How to complete this task >> Nothing but the lines from the one with "Ofrece las siguientes" through the end of the material should be retyped, word for word and without pictures.

Materials provided >>
Segment Open
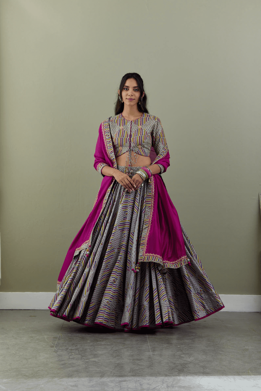 Utsav, a celebration of life and movement, with voluminous layers of fabric, ruffles, and pleats. The rich and vibrant colors of the Kalbelia costumes, the intricate designs and the way the fabric flowed as they danced. The collection embodies the playfulness and regality of the dance, and I hope that it will inspire others to celebrate life and movement too.
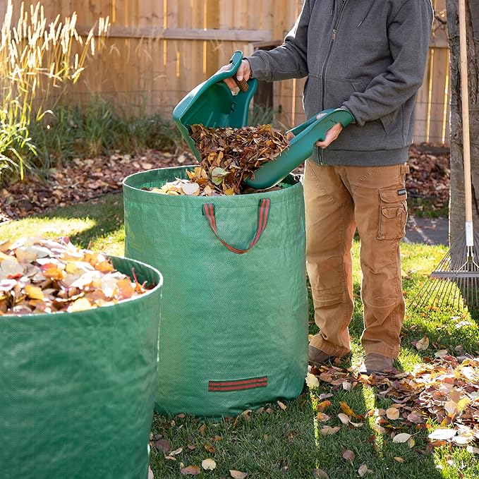- WE HEARD YOU. You told us our leaf scoops were too thin and we upgraded it V2.0. With thicker, reinforced materials, our leaf scoops are more durable to handle heavier loads. We even made the scoops more compact for easier storage. We all know the shed and garage and getting packed with too much stuff. Get easier leaf raking and scooping, without having to bend over as deep. Quick and easy, simply grab and drop into your paper lawn and refuse trash bags.
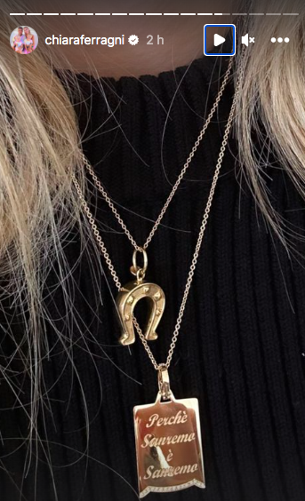 Così, tra i lavoretti dei suoi bimbi di Leone e Vittoria che con dolci disegni hanno augurato alla mamma, la migliore fortuna, un beauty per portarsi dietro il suo survival kit regalatole dagli amici stretti, un blocchetto con su il suo volto da ansia sanremese per buttare giù i pensieri su questa esperienza e tante pietre porta fortuna, Chiara sembra pronta ad affrontare al meglio questo debutto televisivo. E tra i tanti oggetti superstiziosi che si è portata dietro ce n’è qualcuno che spunta all’occhio più di tutti, una collanina con un ferro di cavallo e poi un ciondolo con su scritto “Sanremo è Sanremo” l’iconica frase identificativa dello show.
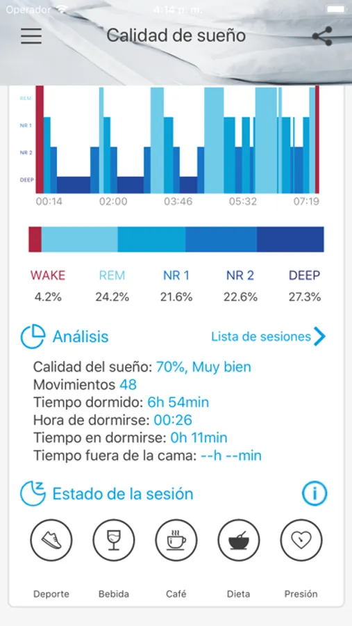 Ofrece las siguientes funciones: monitoriza tus patrones y ciclos de sueño a lo largo de toda la noche. Además esta app móvil gratuita te permite visualizar tus ciclos de sueño, ver los informes y conclusiones de cada sesión de sueño.
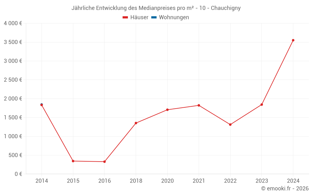 Entwicklung des Medianpreises pro m² von Häusern
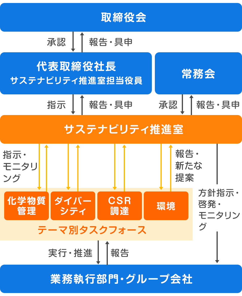 テーマ別タスクフォースの進捗は、年に2回開催するサステナビリティコミッティにて報告され、サステナビリティコミッティでの指示・モニタリングを通じて取組みの強化を図ってまいります。
Segment Closed
Response area >>
 Ofrece las siguientes funciones: monitoriza tus patrones y ciclos de sueño a lo largo de toda la noche. Además esta app móvil gratuita te permite visualizar tus ciclos de sueño, ver los informes y conclusiones de cada sesión de sueño.
 Entwicklung des Medianpreises pro m² von Häusern
 テーマ別タスクフォースの進捗は、年に2回開催するサステナビリティコミッティにて報告され、サステナビリティコミッティでの指示・モニタリングを通じて取組みの強化を図ってまいります。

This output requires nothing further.